DATA EXCERPT

*** Begin section ***

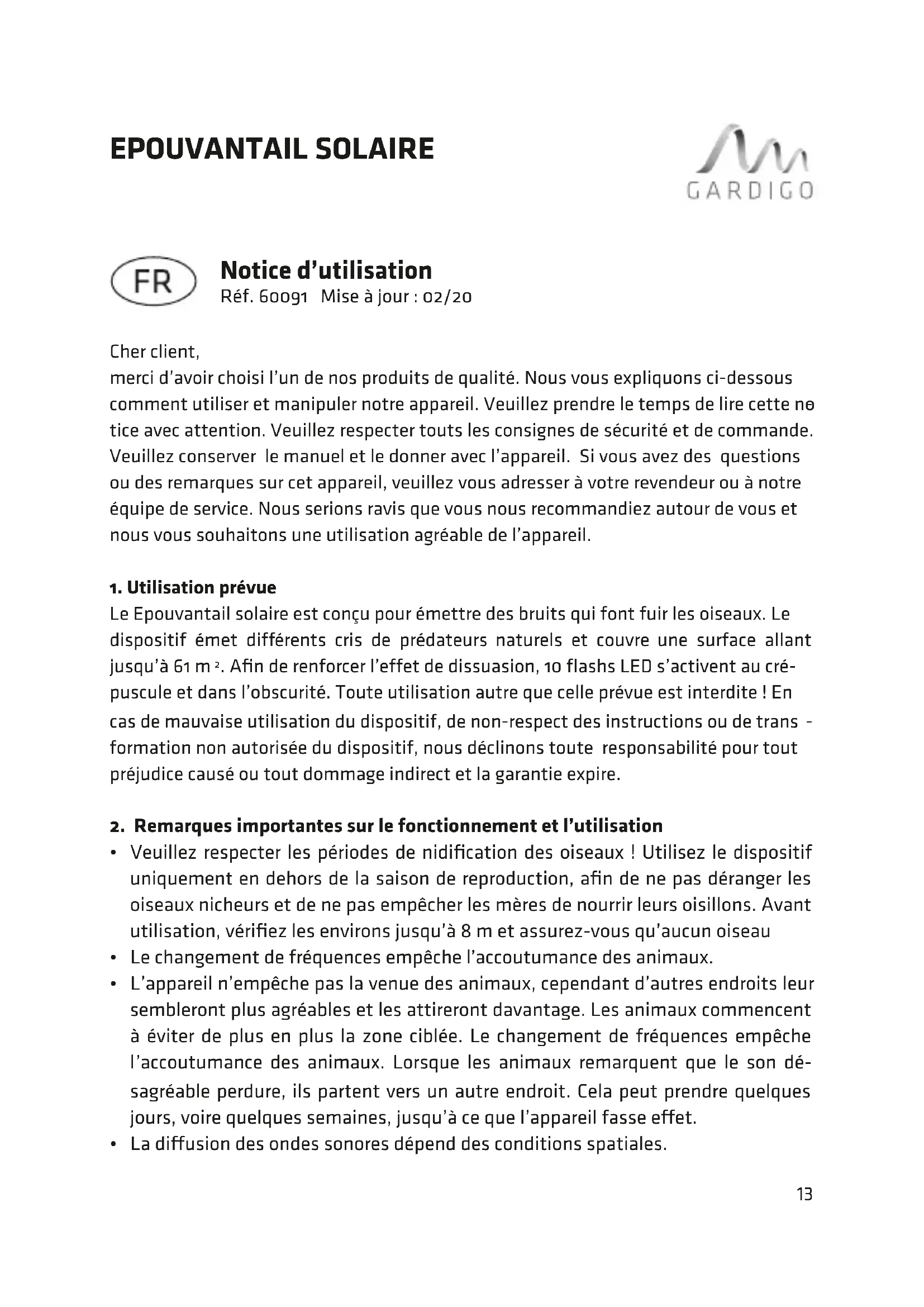 MODE D'EMPLOI 60091 Gardigo
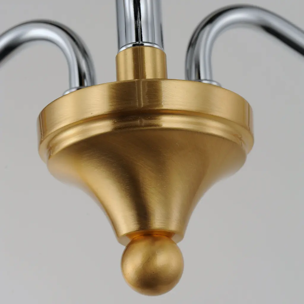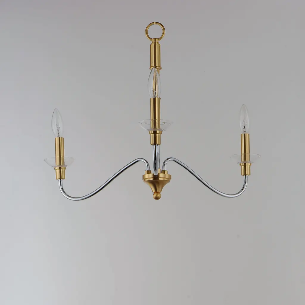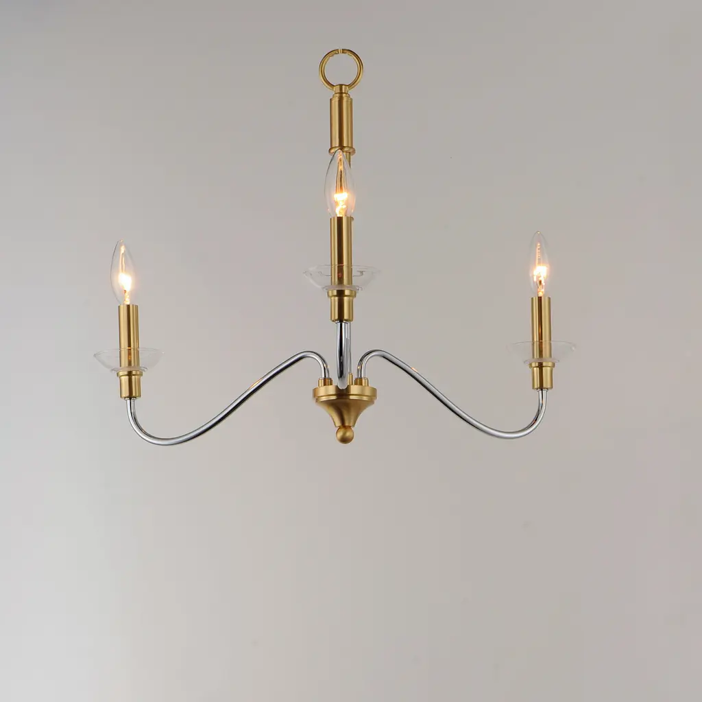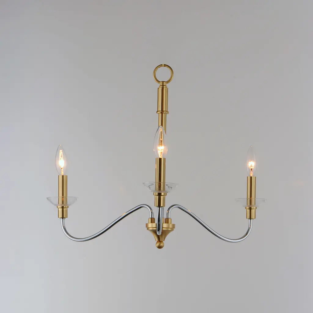 Combination of contemporary Polished Chrome and a softer Satin Brass revitalizes a classic form. Glass bobeches complete the look creating an airy and simple chandelier group. Get that casual luxe look with minimalistic, transitional forms.
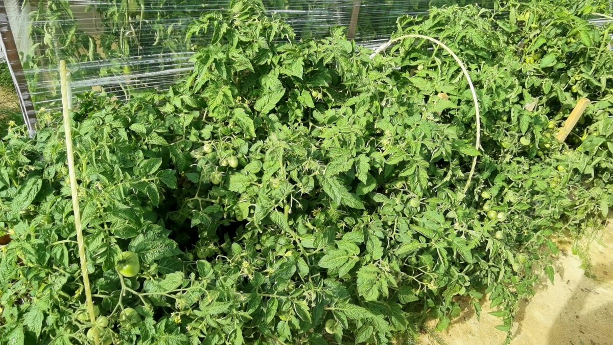 Так получилось, что в связи с устройством огорода с нуля в 2022г все культуры я сажала либо просто поздно, либо очень поздно. Кто-то уже отсажался в начале мая в теплицах, а я сажала в теплицах в самом конце мая и в первой половине июня. 7 июня у нас прокатился сильный заморозок и высаженные на уличной грядке томаты замерзли и почернели прямо по укрытием. У меня осталось немного рассады нескольких буквально сортов из выбраковки. Вот это я и воткнула в шестиметровую грядку вдоль теплицы в десятых числах июня. Чуть больше половины гряды занимали томаты, а остаток пришелся на перцы. Рассада быстренько очухалась и пошла в рост. Это два фото от 2 августа. Обе клуши заявлены как штамбовые до 40 см и не требующие подвязки. Я решила попробовать что будет если их не подвязать. Земля в любом случае у меня замульчирована травой, так что даже если кусты развалятся, то упадут не на голую землю. Кусты действительно крепенькие у Клуш, но все же получились у меня выше 40 см и под весом множества плод
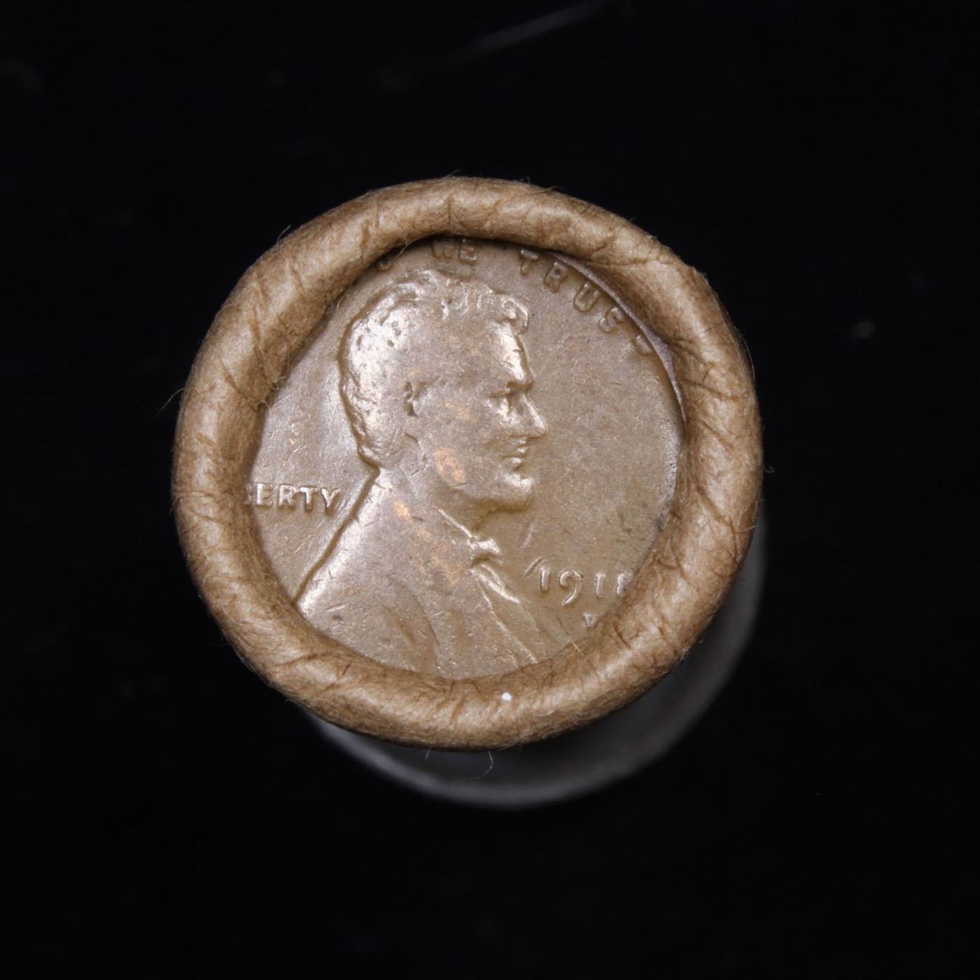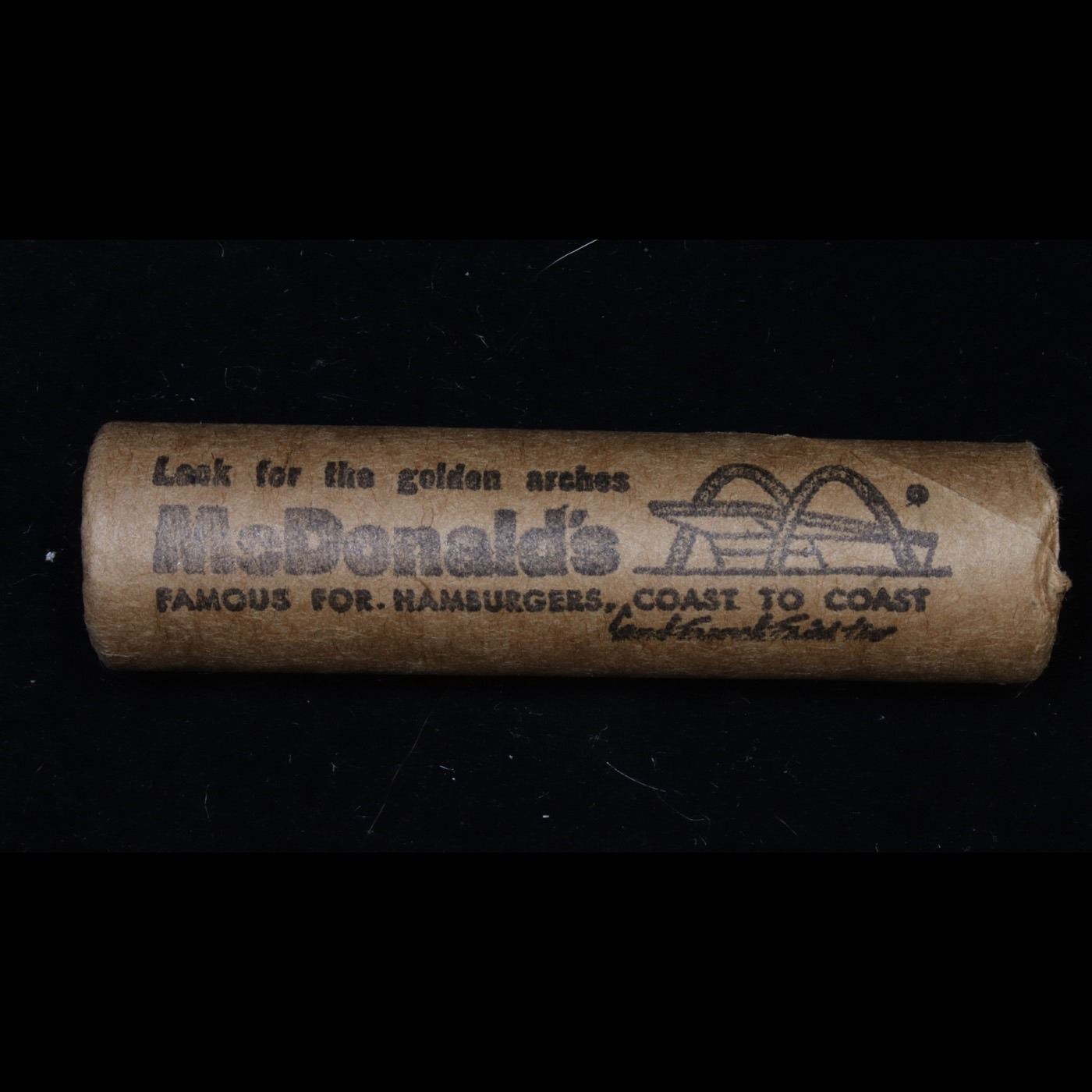 Mixed small cents 1c orig shotgun roll, 1918-d Wheat Cent, 1887 Indian Cent other end,McDnalds Wrapp

*** End section ***

WHAT YOU WILL DO
Write out each line of the data above exactly, starting at the top and finishing with the line containing "Combination of contemporary"; omit the pictures.

RESULT OF THE TASK
 MODE D'EMPLOI 60091 Gardigo
 Combination of contemporary Polished Chrome and a softer Satin Brass revitalizes a classic form. Glass bobeches complete the look creating an airy and simple chandelier group. Get that casual luxe look with minimalistic, transitional forms.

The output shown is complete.